Consider your compiler directives carefully

A lot of people produce code that decorates every function with cython.boundscheck(False), cython.wraparound(False), and possibly cython.cdivision(True). I typically regard this as cargo-cult programming (i.e. they’ve copied the code from somewhere without really understanding it).

A subset of the people with this code go on to complain about mystery segmentation faults due to writing beyond the end of their arrays (which could be diagnosed by turning boundscheck on). I have fairly little sympathy for those people.

Try to use these directives by knowing what they do:

  • boundscheck means that you won’t receive an IndexError when indexing beyond the end of the array. It applies to typed memoryviews, np.ndarray and also indexing of most Python objects. Indexing of C arrays or C++ containers isn’t guarded though, so boundscheck makes no difference to them. It is often “fairly” safe since most people are indexing based on len:

    for idx in range(len(some_list)):
        val = some_list[idx]
    

    In this case you’re guaranteed not to go beyond the list end. But you could often just write for val in some_list:.

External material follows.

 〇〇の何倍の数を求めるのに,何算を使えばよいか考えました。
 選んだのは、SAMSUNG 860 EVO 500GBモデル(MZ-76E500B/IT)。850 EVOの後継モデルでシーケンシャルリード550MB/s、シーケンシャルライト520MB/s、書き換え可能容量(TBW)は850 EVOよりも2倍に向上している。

  • wraparound disables use of negative indices to gain a bit of speed. They’re fairly rarely used so it’s often a sensible thing to do.

  • cdivision again gains a bit of speed by not correcting for a few differences between Python and C integer division, and not raising a ZeroDivisionError on division by zero. Often a sensible optimization but if you aren’t dividing any numbers then it kind of looks like you’re copying blindly.

I’m personally like to use these directives as locally as possible, just as an indication and a reminder to myself that I’ve thought about whether they’re actually useful in a particular context:

for idx in range(len(some_list)):
  with cython.boundscheck(False), cython.wraparound(False):
    val = some_list[idx]

I realize this is very much a matter of taste.

cdef and cpdef functions

Mentioned here because the thought is similar but I plan to write a more detailed description elsewhere. The contents of a cdef function are no quicker or slower than the contents of a Cython-defined def function. Therefore there is usually no benefit to making all your functions cdef or cpdef. The call to a c[p]def function is quicker and this can be worthwhile when you have lots of calls to a small function. Additionally cdef functions can take C parameters like pointers.

cpdef functions are also often a sign that you have not decided where to separate your Python and Cython interface.

I believe a lot of people use c[p]def by default because they don’t understand what parts it actually speeds up.